In Weston’s second chapter, he emphasizes the importance of having “one or more examples in support of a generalization.” He includes an example, in which the author consists of three examples to show that women in the earlier times were married young. It is essential to write short arguments in this fashion: when do premises like these adequately support a generalization? One requirement, he mentions, is that, in regards to rule 3, it needs to start from reliable premises. Although an argument might be based on reliable premises, “even then, generalizing from them is a tricky business.” 

In Weston’s seventh point in his second chapter, he reiterates the importance of using more than one example: “A single example can sometimes be used for the sake of illustration.” Weston includes an instance in which one statement concludes from the single example that french fries are high in fat that all fast foods are unhealthy. However, this sort of generalizing from weak premises is not as effective as including more examples: french fries are high in fat; milkshakes are high in fat and sugar; deep-fried chicken and cheeseburgers are high in fat; therefore, all fast foods are unhealthy. Although, the second example may still be “weak,” it is far more effective than the example that claimed all fast foods were unhealthy from the sole fact that french fries were high in fat. Weston writes that “the strongest argument should consider all, or at least many, of the examples.” Just like if you were to talk about the solar system, you would want to talk about all of the planets instead of one to base your findings.

Weston's eighth point is to use representative examples. He mentions that “even a large number of examples may still misrepresent the set being generalized about.” Therefore, it is imperative to include relevant examples or facts about what is generalized about to create the most compelling argument possible. An example he uses, in regards to representative examples, as if “everyone in my neighborhood favors McGraw for president. Therefore, McGraw is sure to win.” This argument is weak, Weston states because the small neighborhood is not representative of the neighborhood as a whole. Instead, a much more larger-scale finding would be more effective than generalizing from a tiny aspect. Weston writes, “It is often an open question then, how representative a given sample may be. Anticipate this danger!” Ask if the examples you chose to represent your argument could stand under criticism or when scrutinized: “In general, look for the most accurate cross-section you can find of the population being generalized about.”
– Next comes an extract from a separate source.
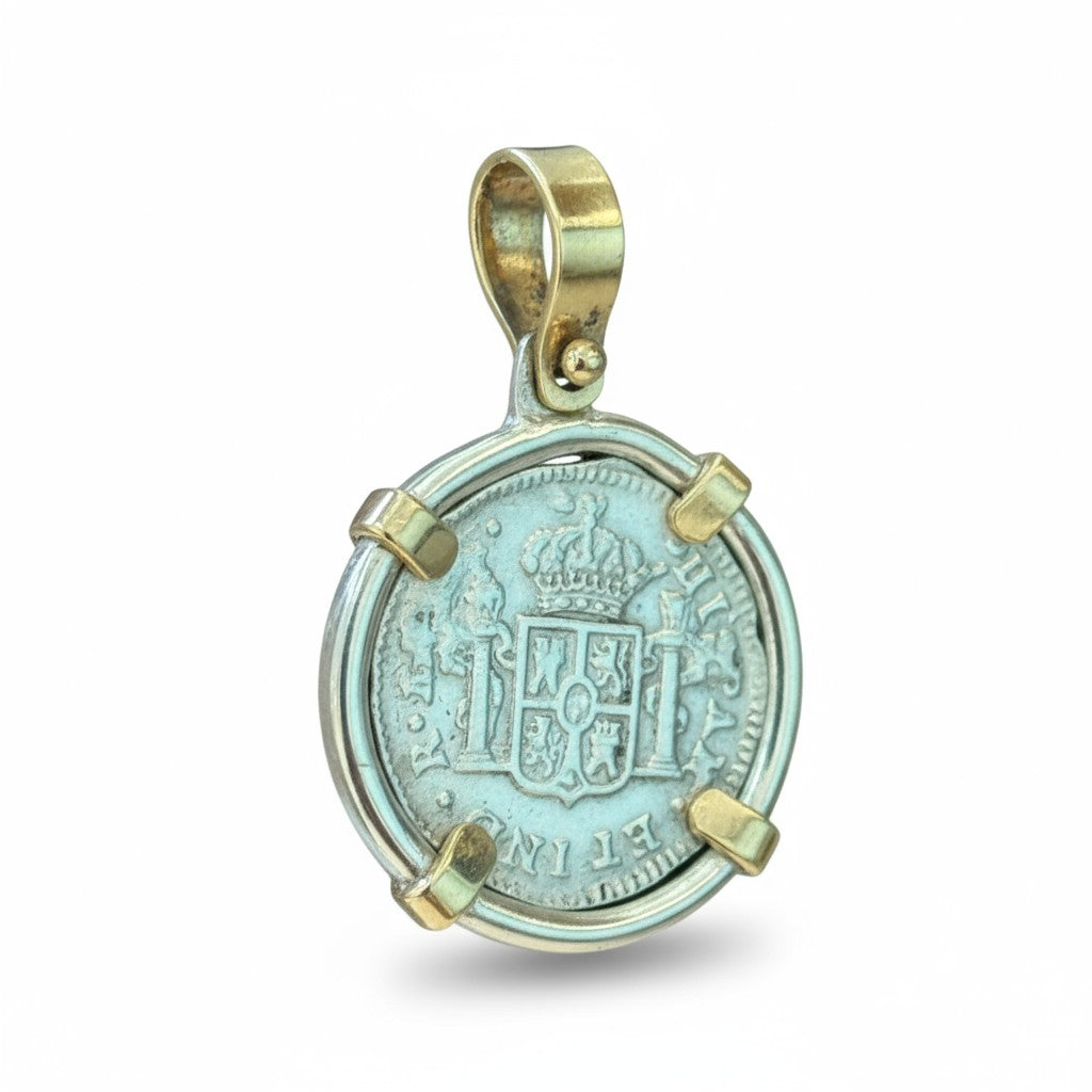 "The Shipwreck that changed the world" Denomination: 1/2 Reales Date: 1773 Reign: Carolus III Mint: Mexico Assayer: F.M. Weight: 1.4 gm Grade: Mint Mount: 14K Gold flip...
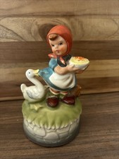 Girl & Duck Music Box Should Play Love Story Does Not Porcelain Japan Vintage

Weston’s ninth point is background rates may be crucial. He includes a brief example in which someone mentions that they are a “first-rate” archer after showing someone their bullseye. However, it is essential to ask “how many times did you miss the bullseye.” If they said first-try, than it would be an accurate statement, but if it was after multiple tries and attempts than maybe their account is not as stable. Weston includes, “[t]o evaluate the reliability of any argument featuring a few vivid examples, then, we need to know the ratio between the number of ‘hits,’ so to speak, and the number of tries.” This statement is representative of Weston’s ninth point: looking at the “background” is potent to the claim being made.

Additionally, in many cases, people see statistics and inherently see them as true. This is not the case; in Weston’s tenth point, he highlights the importance of using a critical eye when looking at statistics. “Statistics seem to have an aura of authority and definitiveness,” when this is not the case. It is essential to always look at the statistics and facts included because they are not there for aesthetic or a sense of relief, but rather, should be criticized under examination of the claims.

Weston’s last point in his second chapter is to consider counterexamples. “Counterexamples are examples that contradict your generalization.” In including counterexamples, it shows different sides of the argument that might be brought up, but you are able to say why your claim is probably more accurate. Not only is it important to recognize counterexamples in your own arguments but to “ask yourself about counterexamples when you are assessing other’s arguments ... Ask whether their conclusions might have to be revised and limited, or rethought in more subtle and simple directions.”